BEGIN Task input
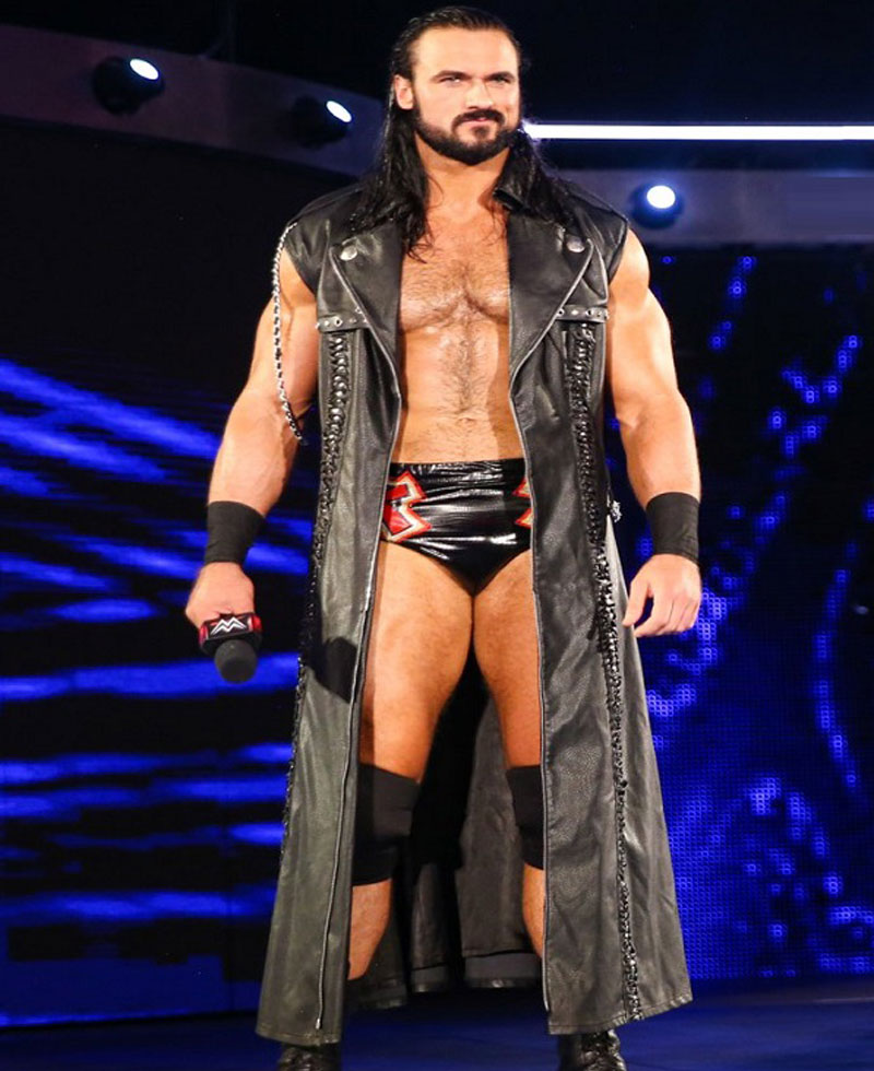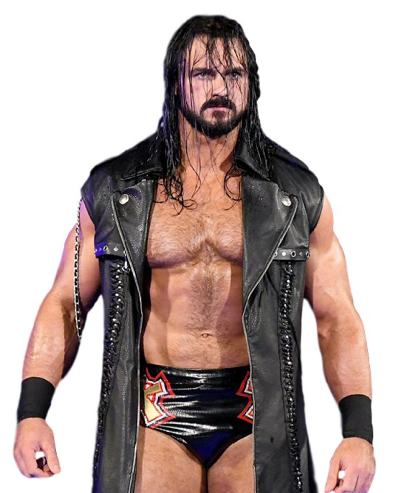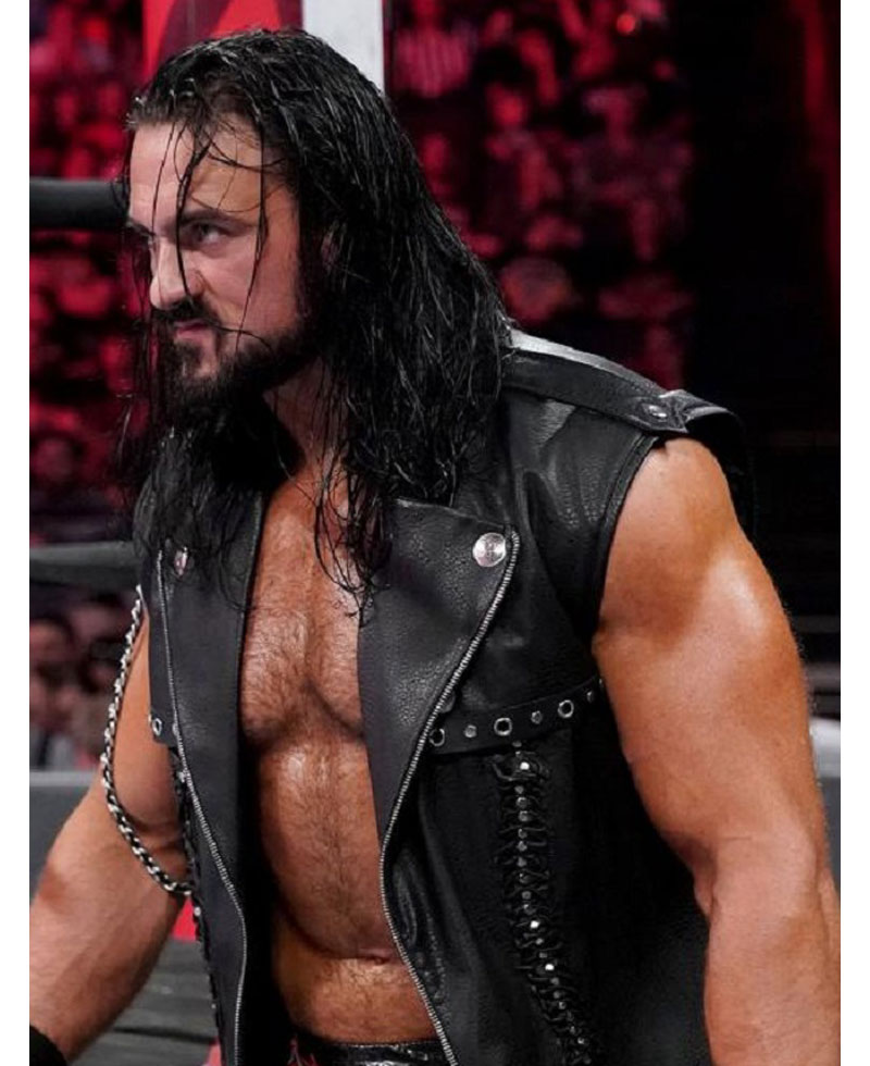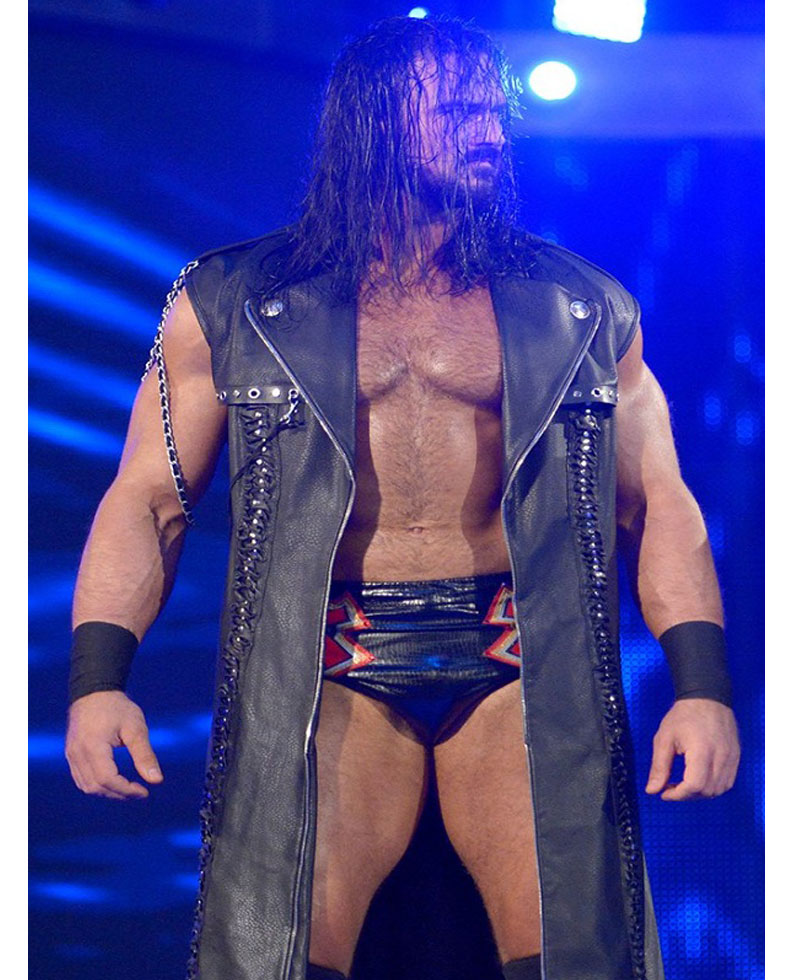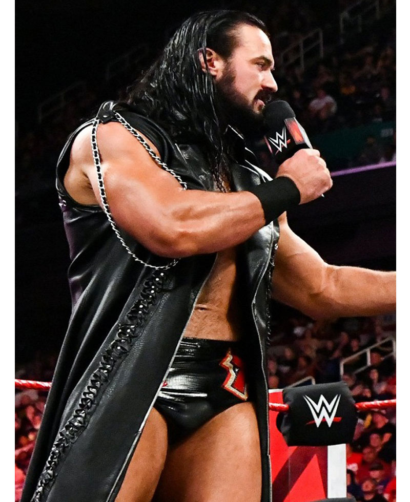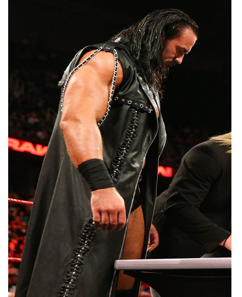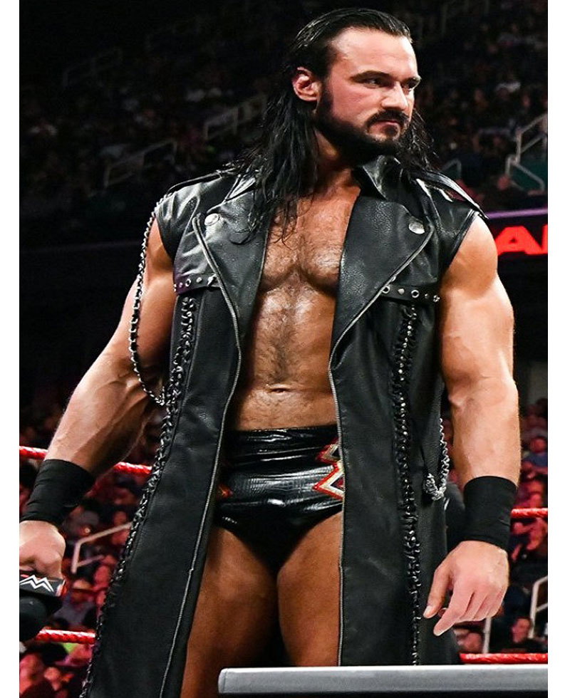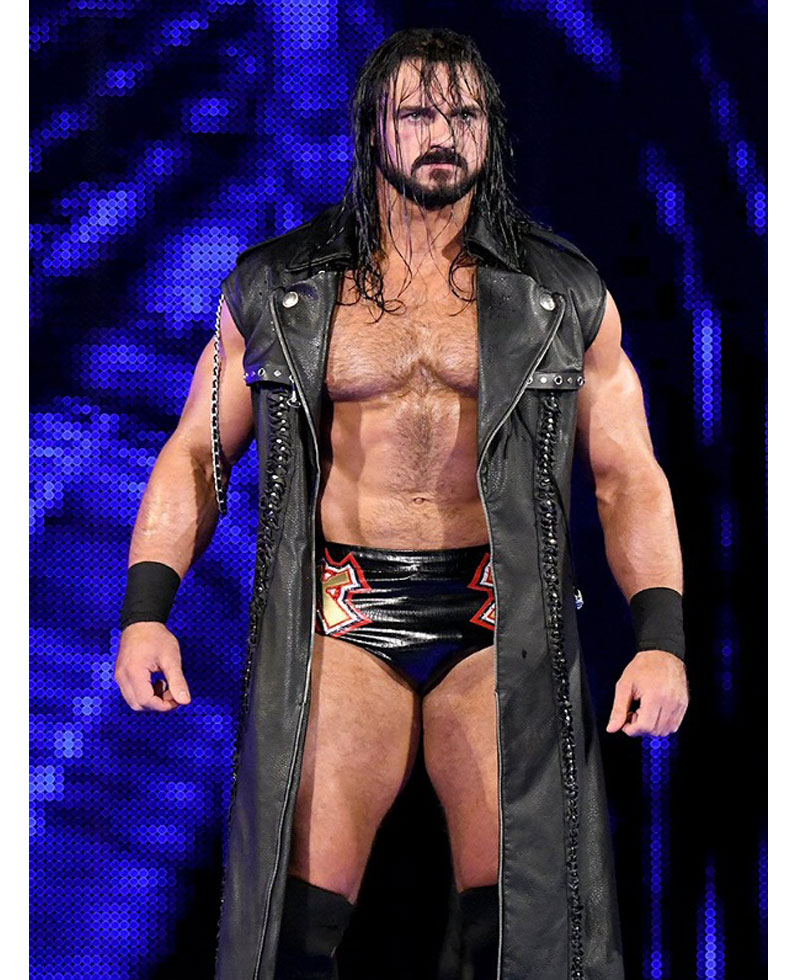 The famous Scottish Professional Wrestler Andrew McLean Galloway who is known for his ring name Drew Mcintyre wore this stylish SummerSlam coat. The external side of this coat is manufactured with premium quality genuine leather material. The Drew Mcintyre coat has an appealing black color. On the internal side of this coat is a lining of smooth and soft viscose attached that keeps you warm and comfortable all the time. The Drew Mcintyre coat has a lapel-style collar as well. The Drew Mcintyre sleeveless leather coat has a ykk branded zipper attached to its front side for the closure. The stylish leather coat has shoulder epaulets as well.
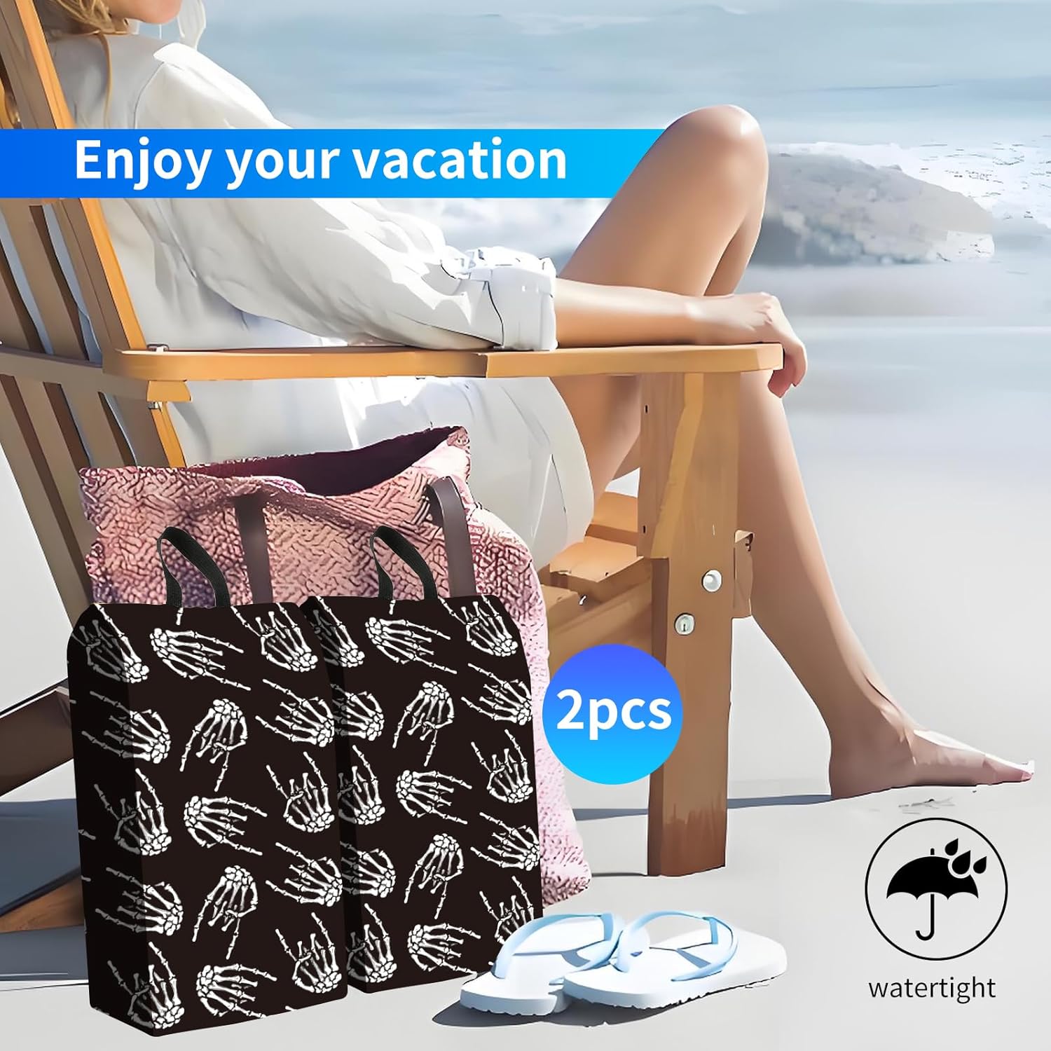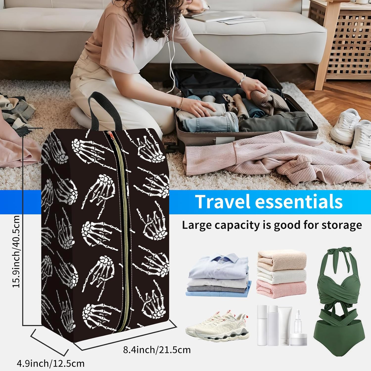 2pcs Shoe Organizer for Travel, Packing Shoe Travel Bags, Cute Shoe Bag with Zipper & Handle, Portable Travel Essentials for Women and Men Skull Finger
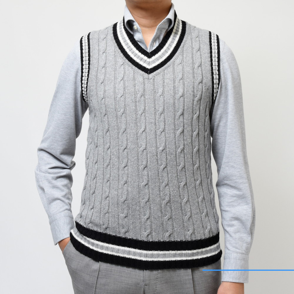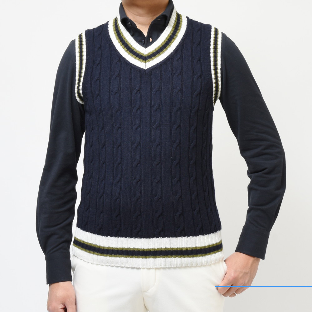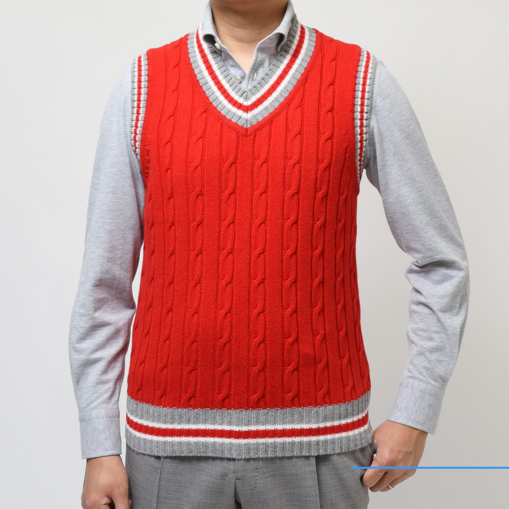 2023SSシーズンよりスタートしたMc George OF SCOTLANDとの別注チルデンベスト、今シーズンもカラーバリエーション豊富にご用意しております。
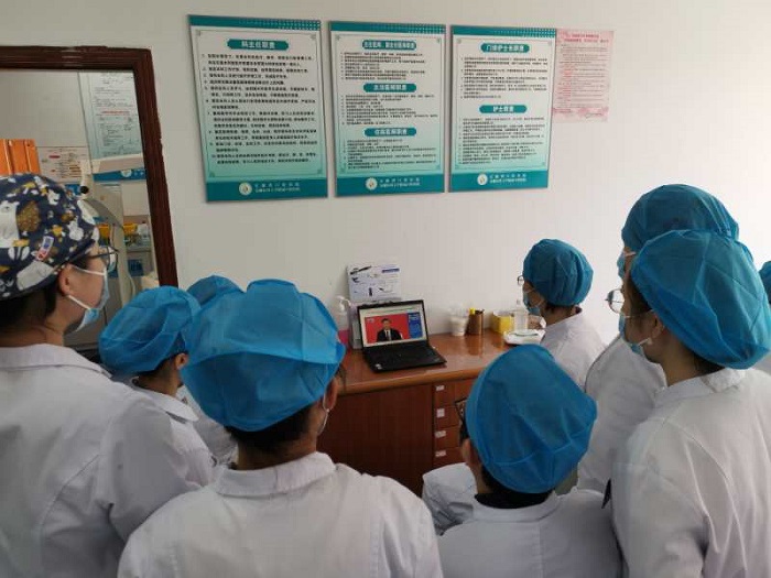 今天上午10时,纪念中国人民志愿军抗美援朝出国作战70周年大会在北京人民大会堂隆重举行,我院教职医护员工通过手机、电脑、大屏幕等多种方式收看了直播。
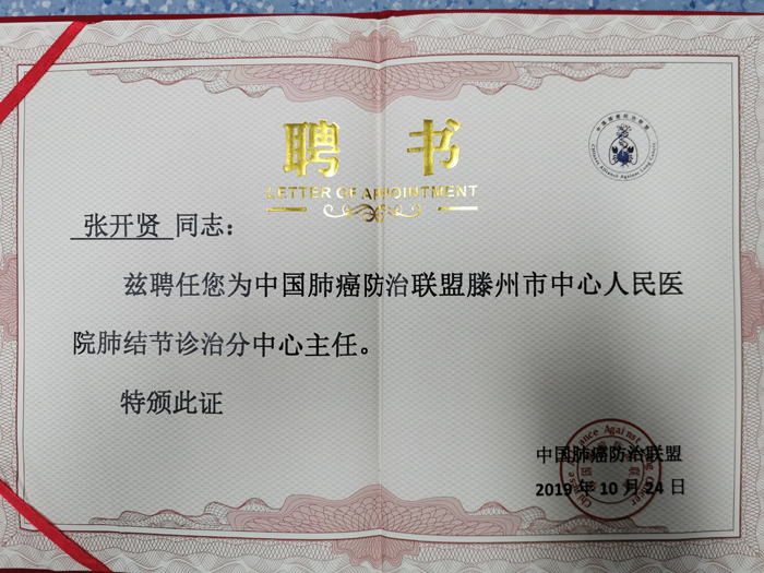 12月19日,中國肺癌防治聯(lián)盟滕州市中心人民醫(yī)院肺結(jié)節(jié)分中心揭牌儀式在滕州舉行,受中國肺癌防治聯(lián)盟主席白春學(xué)教授的委托,張敏教授代表聯(lián)盟與我院楊瓊院長共同為肺結(jié)節(jié)分中心揭牌,張敏教授宣讀白春學(xué)教授的賀詞并為我院腫瘤科張開賢教授頒發(fā)肺結(jié)節(jié)分中心主任證書。肺結(jié)節(jié)分中心的成立必將對我院肺結(jié)節(jié)診療水平的提高起到積極作用!
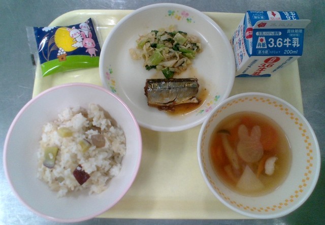 十五夜いもごはん 牛乳 さんまの生姜煮 キャベツのごま和え 具だくさん汁
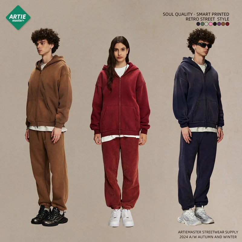 Men's Zip Up Hoodies Tie Dye Washed Double Oversize Cardigan Sweatshirt Loose Plus Plush Gradient Man Hooded Pullovers Winter
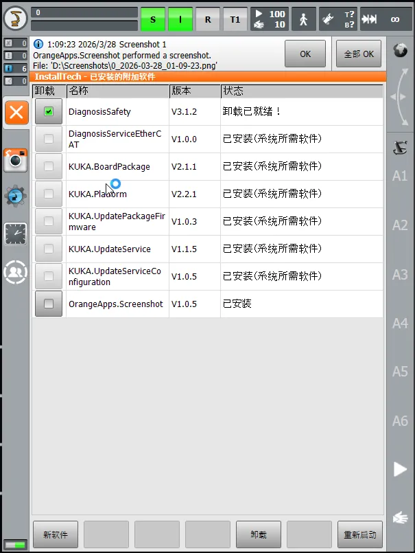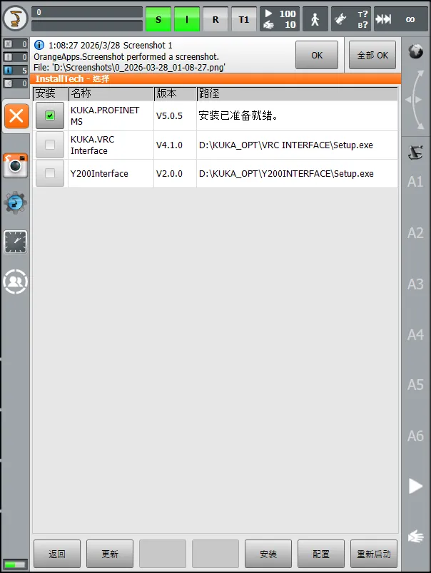 点击左下角的 “新软件” 按钮,系统会自动扫描 D:\KUKA_OPT 目录。在弹出列表中勾选你要安装的软件包,然后点击底部菜单的 “安装”。 - 确认重启:
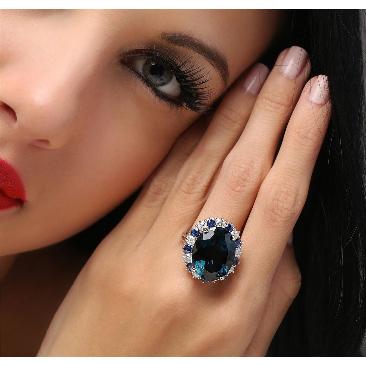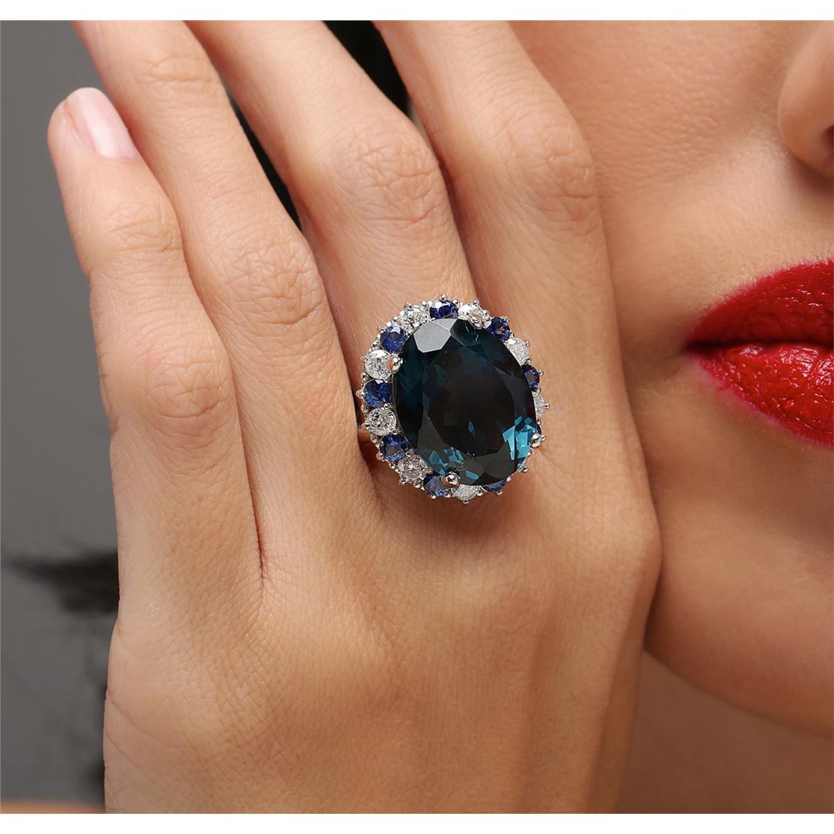 One electronically tested 14KT white gold ladies cast blue topaz, sapphire and diamond ring with a bright polish finish. The featured blue topaz is set within a sapphire and diamond bezel, completed by a two and one-half millimeter wide band. Identified with markings of "K14". Condition is new, good workmanship. Containing: One prong set oval mixed cut natural blue topaz, measuring 19.50 x 15.00 x 9.35mm, 6% bulge factor, approximate weight of 20.82ct., clarity is eye clean, type I, dark, very slightly grayish, very slightly greenish blue color, (GIA vslgB 7/3), cut is good. Transmitting light with no distortion, transparent. Graded in the setting. A deposit of a thin layer has been applied to the topaz to produce the intense color effect. The process utilizes a very high temperature treatment, diffusion of ions into the topaz, plus in some cases neutron bombardment has been used to create the color center. Diffusion processes causes the added ions to become part of the crystal surface with no distinct boundary. Do not put a gem treated in this manner into an ultrasonic cleaner. Nine prong set round brilliant cut natural blue sapphires, measuring 3.10 - 3.00 x 1.98 mm, approximate total weight of 1.35ct., clarity is slightly included, type II, dark, moderately strong, blue color, (GIA B 7/4), cut is good. Transmitting light with a minimum of distortion, transparent. Naturally occurring internal & external characteristics are present. Color grade is an average for the group. Indications of laboratory high temperature diffusion treatment. Graded in the setting. Nine prong set round brilliant cut diamonds, measuring 3.40 - 3.30 x 2.01mm (depth est.) approximate total weight of 9 Stones = 1.33ct. Graded in the setting. Clarity: I-1 to I-2. Color: G - H. Total Weight of Colored Stones 22.17ct. Total Weight of Diamonds 1.33ct. Total Weight of Ring 11.94 grams. AIG Appraised at $5,270.00.
END Task input
■ **About this exercise**
In the records above, find the line with "Men's Zip Up" and the line with "按钮,系统会自动扫描 D:\KUKA_OPT 目录。在弹出列表中勾选你要安装的软件包,然后点击底部菜单的", then restate word for word only those two lines and all lines between, omitting pictures.

■ **Result of this task**
 Men's Zip Up Hoodies Tie Dye Washed Double Oversize Cardigan Sweatshirt Loose Plus Plush Gradient Man Hooded Pullovers Winter
 点击左下角的 “新软件” 按钮,系统会自动扫描 D:\KUKA_OPT 目录。在弹出列表中勾选你要安装的软件包,然后点击底部菜单的 “安装”。 - 确认重启:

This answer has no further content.